Pakistan should take steps to deepen professional, business and people-to-people contacts with Bangladesh in the fields of trade, communication, tourism, cottage industry, agriculture, poultry and dairy farming, road building, environment protection, youth networks, nongovernmental organization (NGO) cooperation, journalism, sports and culture. These direct contacts will help the people of both countries break the old barriers of hatred that unfortunately prevented an entire generation from knowing each other and using their strengths to derive mutual advantages. At the government level, military cooperation in defense production and exports, satellite and space technology and infrastructure building should be pursued based on mutual benefits. Both countries also need to increase their consular and trade representation in the big cities.
Pakistan should also stay clear of the ongoing controversy in Bangladesh about the status of Mujib as the father of the nation, despite the temptation to be drawn into it due to his misquoted statement about the death of millions of Bengalis at the hands of the Pakistani military establishment which keeps cropping up in a discussion on the history of Bangladesh even today.

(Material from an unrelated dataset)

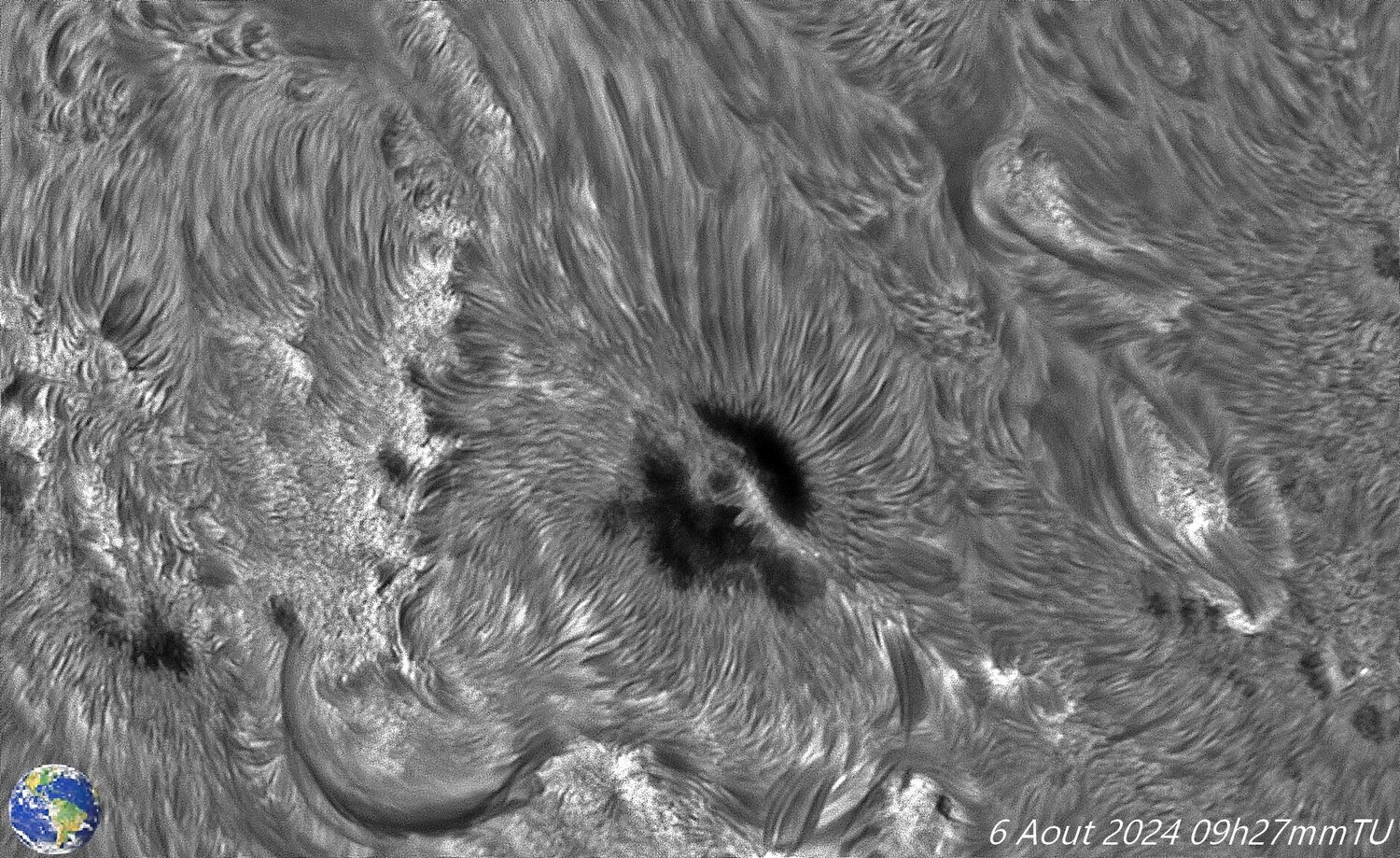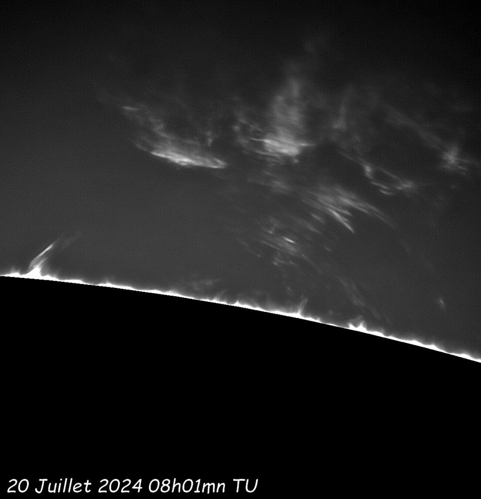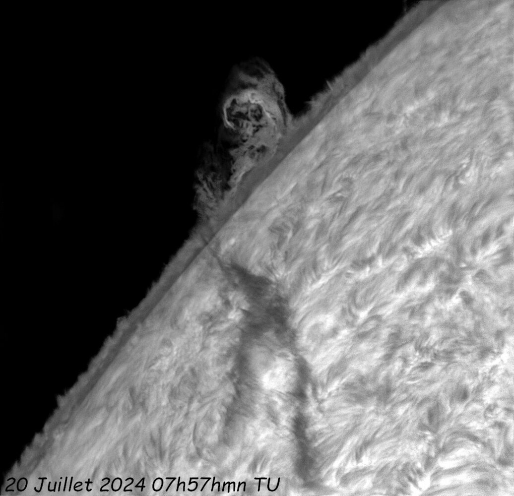 bonjour, ciel pas terrible ( vent d'autan )donc donc je continu mes essais . cette fois-ci D-erf + hélioscope + Barlow 3 et Bf 10 coronado seul sans ITF (en principe 5 Ä au mieux ) les protu sortent assez bien , si ce n'est que j'ai un reflet gênant de ce coté du disque solaire , il faudra essayer en tout vissé . gain 228 à 10ms pour la protu gain 9 à 9 ms pour la tache la largeur de bande est trop large pour voir les filaments sur la surface Paul
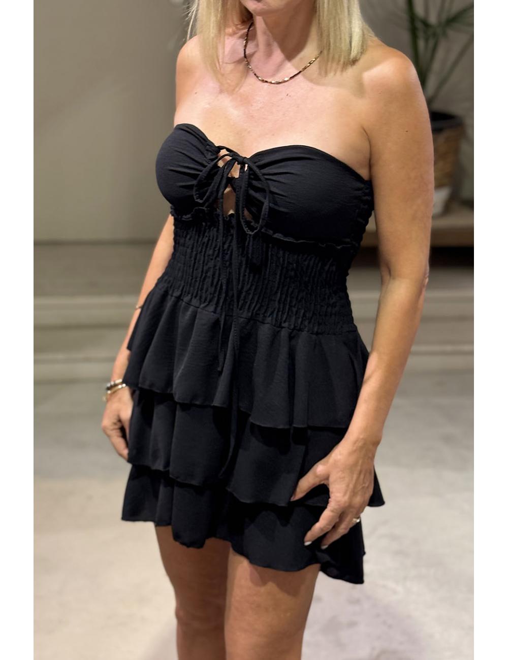 Strapless mini dress with bare shoulders and back. Stretch honeycomb fabric at the waist. Ties at the chest or neck. Cut-out style opening and ruffled skirt.

Recently, a video interview of Col. Shariful Haq Dalim, who was accused of collective planning of Mujib’s assassination in 1975 but survived Hasina’s trials of her father’s murderers due to his self-exile abroad, has gone viral in Bangladesh, where he has corrected this misquoted number in his unique capacity as a close associate of Mujib and a freedom fighter. He also received the highest military award in Bangladesh for his services to the freedom movement and establishing the security structure of post-independent Bangladesh. The debate about the father of Bangladesh and the number of freedom fighters killed in the struggle is entirely a matter for Bangladesh to decide with national consensus. Pakistan or India should not attempt to rewrite the history of Bangladesh from their perspective.
Bangladesh’s friends should encourage the interim government to pursue inclusive policies to develop a national consensus on the country’s security and foreign policies, which do not have to be a zero-sum game. The goals of the Interim government may be ambitious, but these are not impossible to attain, provided that regional and international powers do not meddle in Bangladesh’s politics by choosing their favorites for a quid pro quo at a later stage. In counseling Bangladesh about these matters, Pakistan enjoys a unique position due to its own national experience and loss.